___ RECORD EXCERPTS
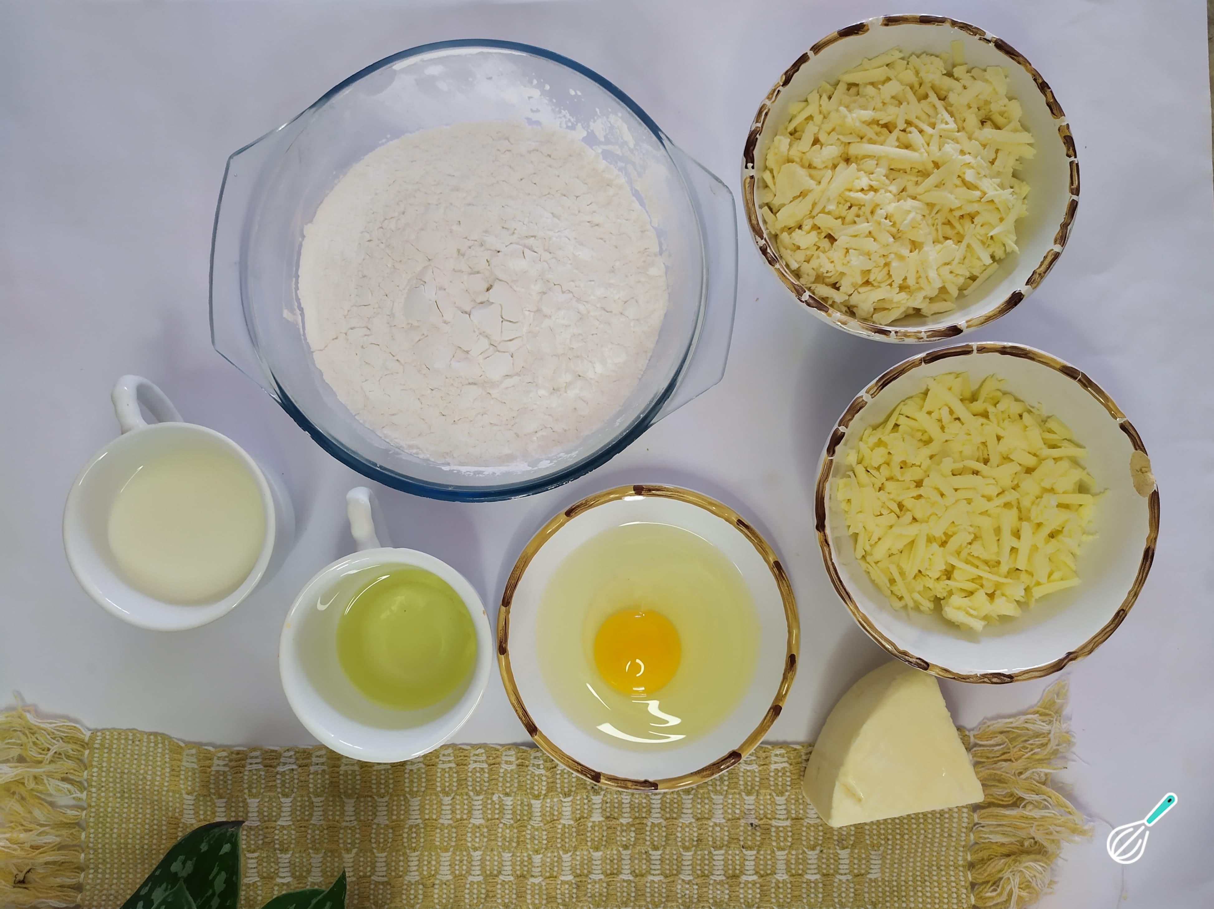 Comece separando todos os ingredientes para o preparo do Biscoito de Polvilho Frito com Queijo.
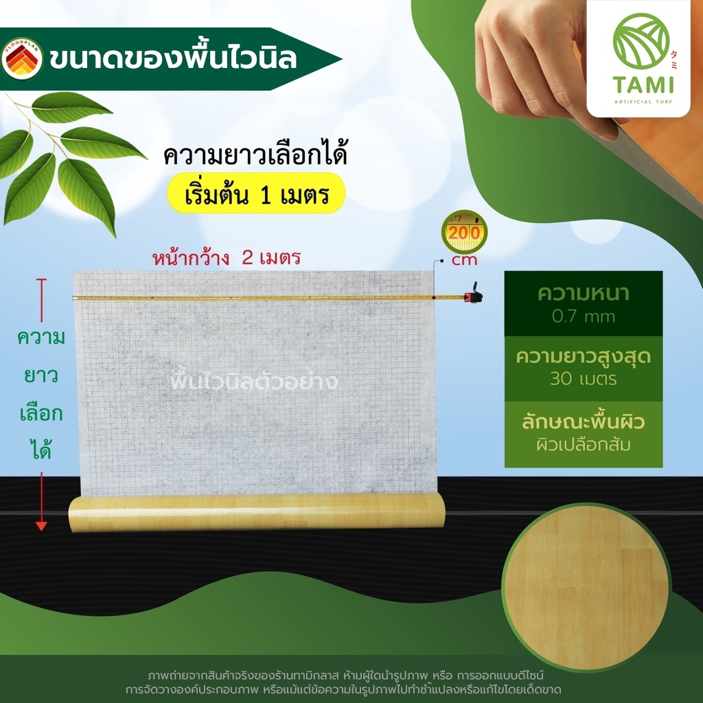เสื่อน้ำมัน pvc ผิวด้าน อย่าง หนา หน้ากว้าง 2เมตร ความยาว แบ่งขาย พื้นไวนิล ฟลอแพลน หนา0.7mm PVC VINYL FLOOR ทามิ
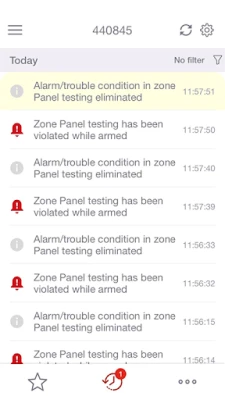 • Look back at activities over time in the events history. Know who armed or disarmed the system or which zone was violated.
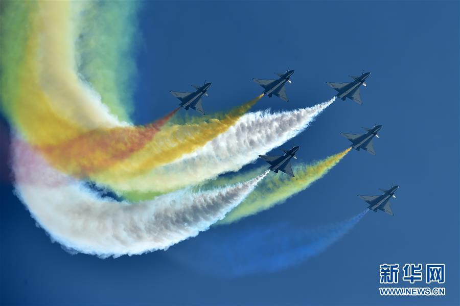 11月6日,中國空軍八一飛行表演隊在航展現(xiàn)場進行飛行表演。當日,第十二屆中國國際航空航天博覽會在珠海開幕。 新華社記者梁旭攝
______
___ RECORD EXCERPTS
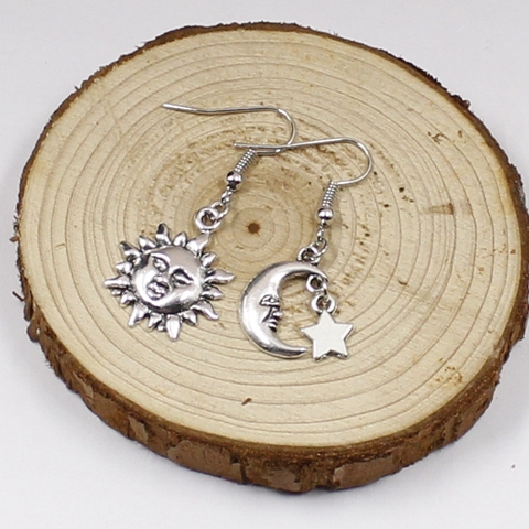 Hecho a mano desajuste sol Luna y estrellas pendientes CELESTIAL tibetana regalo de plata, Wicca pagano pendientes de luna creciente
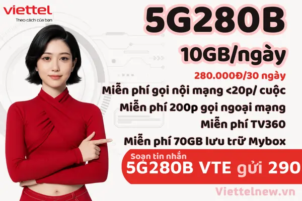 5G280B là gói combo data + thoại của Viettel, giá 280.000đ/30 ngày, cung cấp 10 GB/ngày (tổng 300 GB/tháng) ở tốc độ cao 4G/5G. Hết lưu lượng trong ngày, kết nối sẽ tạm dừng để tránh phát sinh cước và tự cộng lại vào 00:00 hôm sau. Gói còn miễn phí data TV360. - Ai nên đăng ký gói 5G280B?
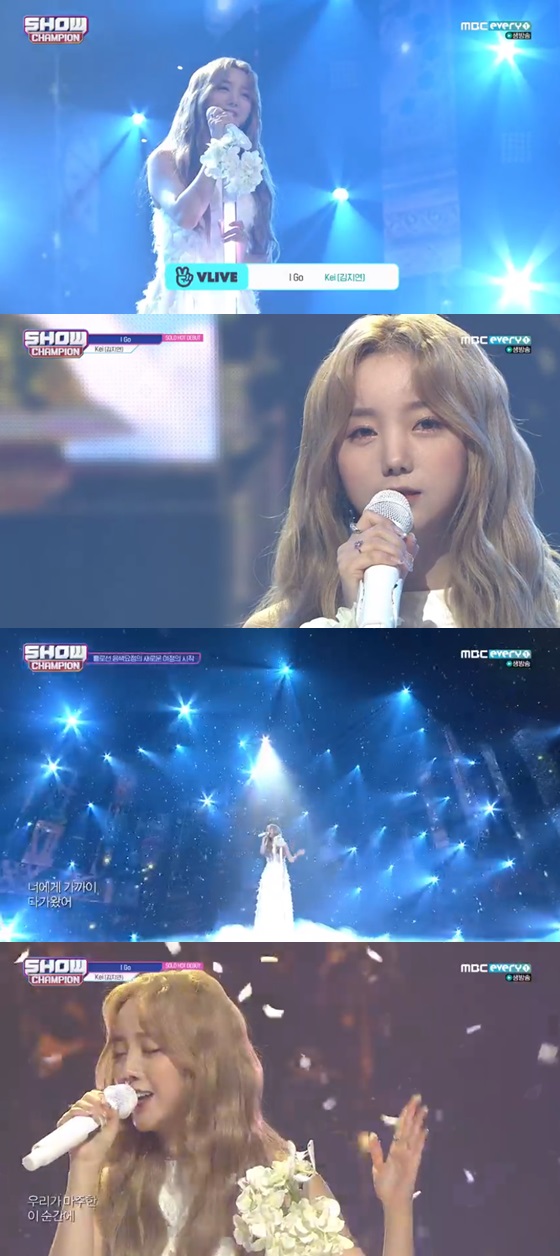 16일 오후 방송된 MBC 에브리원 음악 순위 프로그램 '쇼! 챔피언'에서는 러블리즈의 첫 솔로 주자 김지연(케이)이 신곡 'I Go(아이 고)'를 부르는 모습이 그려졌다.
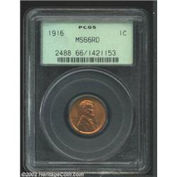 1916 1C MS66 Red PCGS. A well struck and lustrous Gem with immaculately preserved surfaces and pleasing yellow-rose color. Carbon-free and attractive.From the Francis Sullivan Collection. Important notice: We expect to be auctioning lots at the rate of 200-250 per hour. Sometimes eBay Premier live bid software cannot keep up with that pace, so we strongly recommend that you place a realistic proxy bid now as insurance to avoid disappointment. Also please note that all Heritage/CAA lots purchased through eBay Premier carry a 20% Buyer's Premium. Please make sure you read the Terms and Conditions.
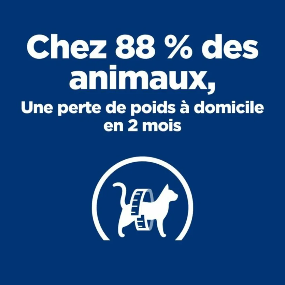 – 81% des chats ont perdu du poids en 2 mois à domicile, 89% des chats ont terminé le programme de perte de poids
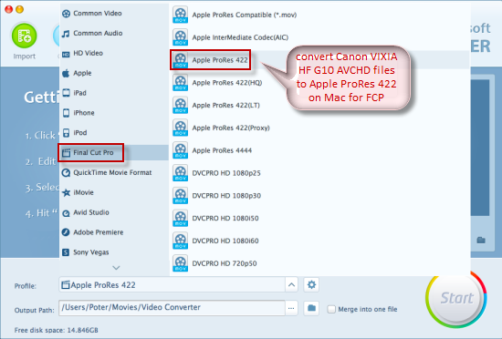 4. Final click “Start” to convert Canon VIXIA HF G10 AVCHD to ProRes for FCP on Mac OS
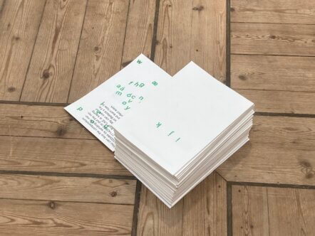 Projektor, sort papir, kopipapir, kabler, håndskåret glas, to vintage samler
______
___ RECORD EXCERPTS
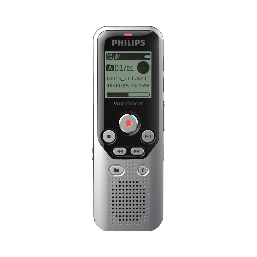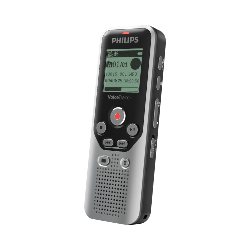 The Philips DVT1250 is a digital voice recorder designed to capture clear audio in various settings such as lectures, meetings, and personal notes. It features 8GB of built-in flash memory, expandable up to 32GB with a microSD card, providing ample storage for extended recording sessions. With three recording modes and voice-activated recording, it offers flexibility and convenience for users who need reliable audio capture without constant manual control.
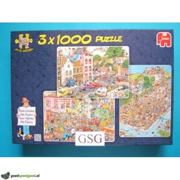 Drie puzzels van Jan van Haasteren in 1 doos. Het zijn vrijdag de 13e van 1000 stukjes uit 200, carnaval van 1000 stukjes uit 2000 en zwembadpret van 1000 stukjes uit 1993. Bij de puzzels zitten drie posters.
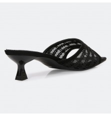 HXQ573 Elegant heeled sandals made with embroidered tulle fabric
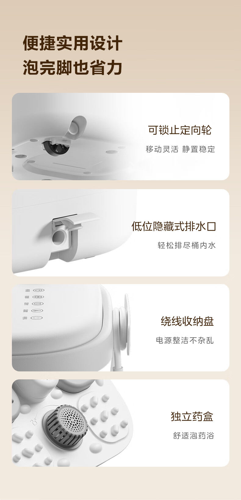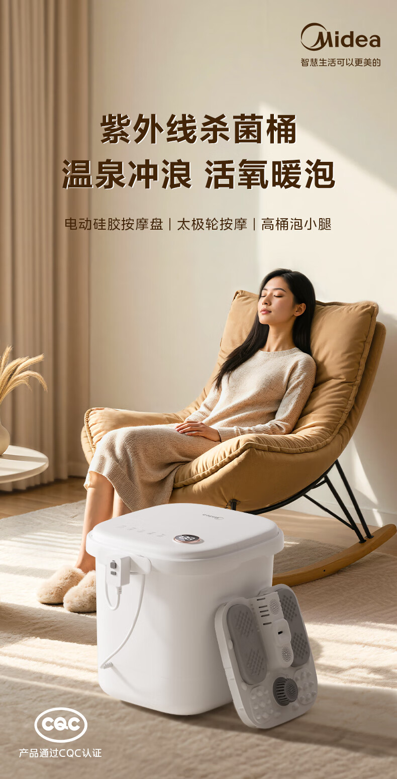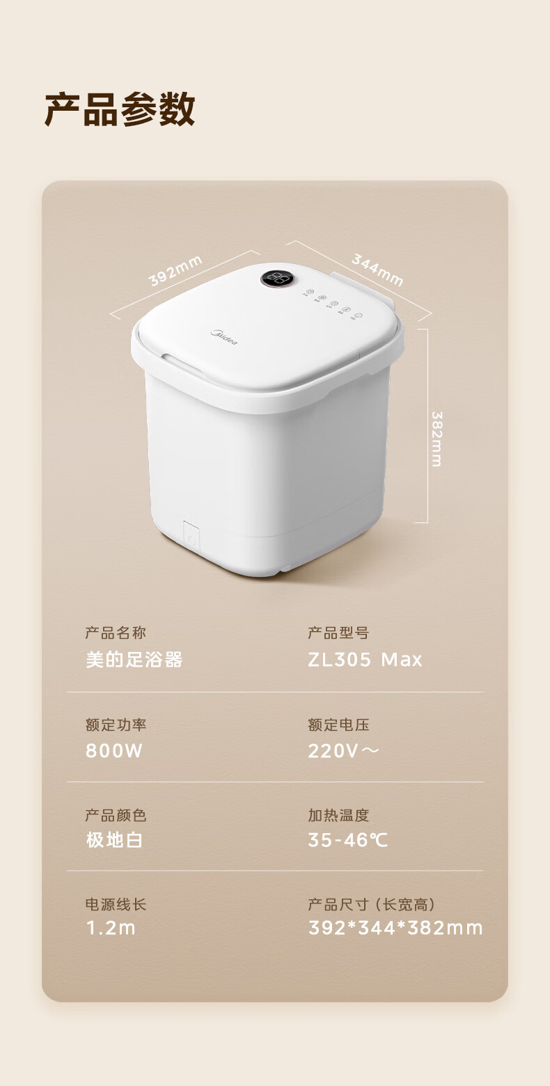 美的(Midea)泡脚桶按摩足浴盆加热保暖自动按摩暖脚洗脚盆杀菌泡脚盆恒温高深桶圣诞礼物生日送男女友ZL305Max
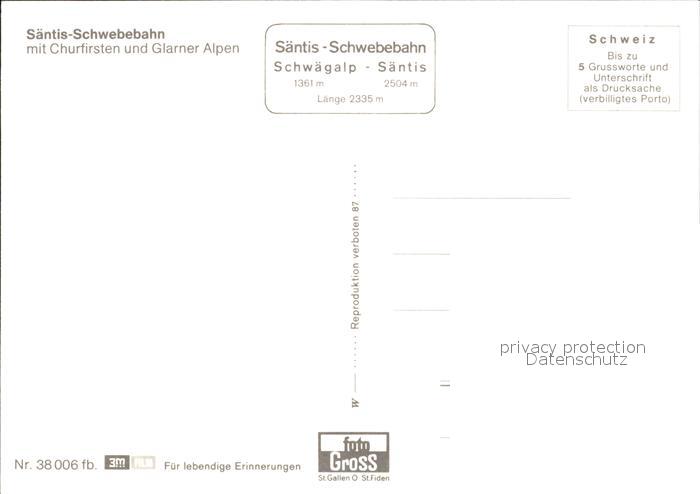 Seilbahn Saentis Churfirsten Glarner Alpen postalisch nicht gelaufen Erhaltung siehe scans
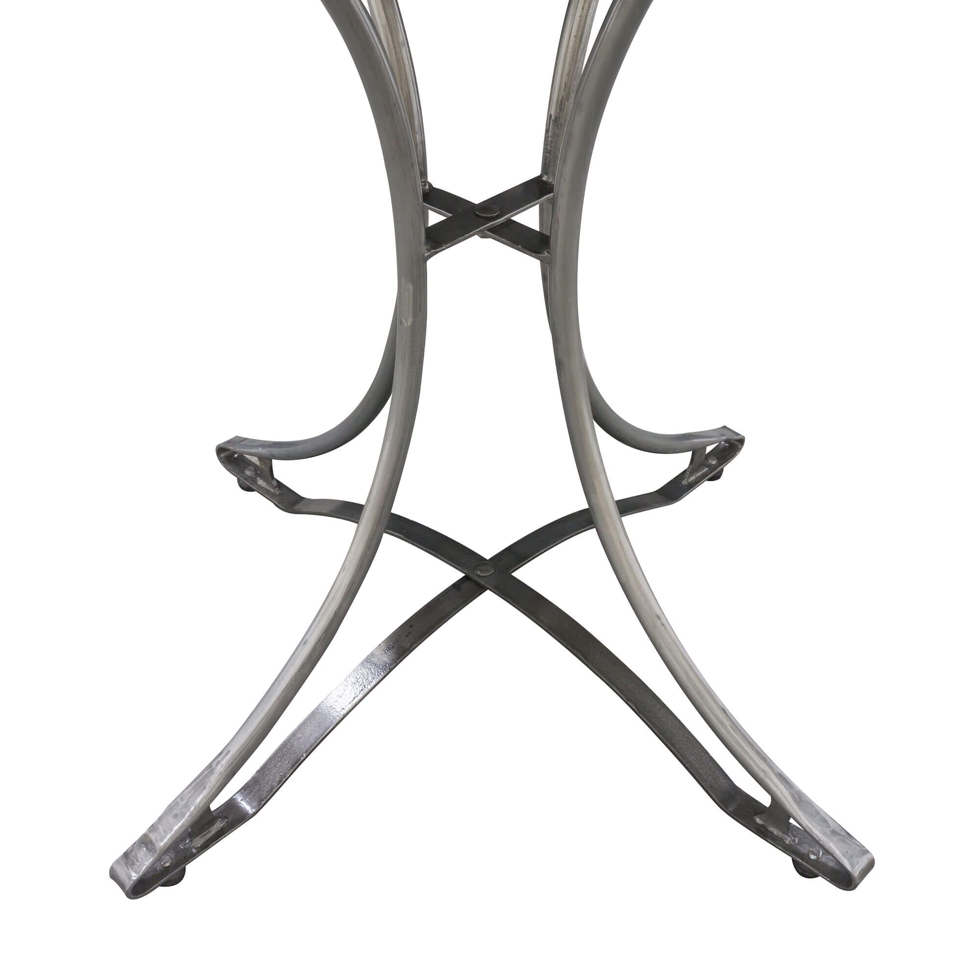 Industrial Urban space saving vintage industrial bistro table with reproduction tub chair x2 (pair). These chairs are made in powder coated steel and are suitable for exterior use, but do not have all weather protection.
______
- [WHAT YOU ARE ASKED TO DO]:
Above is the material; set down exactly its lines from the one containing "เสื่อน้ำมัน pvc ผิวด้าน" down to the one containing "11月6日,中國空軍八一飛行", both included, leaving out any pictures.

- [WRITTEN RESPONSE]:
เสื่อน้ำมัน pvc ผิวด้าน อย่าง หนา หน้ากว้าง 2เมตร ความยาว แบ่งขาย พื้นไวนิล ฟลอแพลน หนา0.7mm PVC VINYL FLOOR ทามิ
 • Look back at activities over time in the events history. Know who armed or disarmed the system or which zone was violated.
 11月6日,中國空軍八一飛行表演隊在航展現(xiàn)場進行飛行表演。當日,第十二屆中國國際航空航天博覽會在珠海開幕。 新華社記者梁旭攝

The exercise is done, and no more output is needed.